S型曲線構思模型是針對個人分裂而提出的前所未有的實例。面對線性問題時我們也許是預測未來的數學專家,但問題是商業和生活問題都不是線性問題,而我們人腦最終需要的甚至是必需的東西是不可預知的多巴胺。更重要的是,由於我們是生活在一個日益曲折多變的世界裡,那麼能夠甩開競爭的最佳曲線就是你從某一曲線躍遷至下一曲線的能力。

英文原文:

Our view of the world is powered by personal algorithms: observing how all of the component pieces (and people) that make up our personal social system interact, and looking for patterns to predict what will happen next.  When systems behave linearly and react immediately, we tend to be fairly accurate with our forecasts. This is why toddlers love discovering light switches: cause and effect are immediate. The child flips the switch, and on goes the light.  But our predictive power plummets when there is a time delay or non-linearity, as in the case of a CEO who delivers better-than-expected earnings only to wonder at a drop in the stock price.

Enter my co-author, MIT-trained strategist and engineer Juan Carlos Méndez-García, who consults with both start-ups and Fortune 500 companies.  According to Méndez-García, one of the best models for making sense of a non-linear world is the S-curve, the model we have used to understand the diffusion of disruptive innovations, and which he and I speculate can be used to understand personal disruption — the necessary pivots in our own career paths.

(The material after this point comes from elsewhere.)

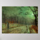 Poster mit John Atkinson Grimshaw's Gemälde A Moonlit Abend (1880). Ein heimlicher Mond füllt den Nachthimmel des Viktorianischen Englands, als eine Frau in einer von Bäumen gesäumten Straße steht. Vor ihr ist ein beleuchtetes Gebäude. Ein großartiges Geschenk für Liebhaber der Romantik und des Viktorianischen Englands.

In complex systems like a business (or a brain), cause and effect may not always be as clear as the relationship between the light switch and the light bulb. There are time-delayed and time-dependent relationships in which huge effort may yield little in the near-term, or in which high output today may be the result of actions taken a long time ago. The S-curve decodes these systems by providing signposts along a path that, while frequently trod, is not always evident. Our hypothesis is that those who can successfully navigate, even harness, the successive cycles of learning and maxing out that resemble the S-curve will thrive in this era of personal disruption.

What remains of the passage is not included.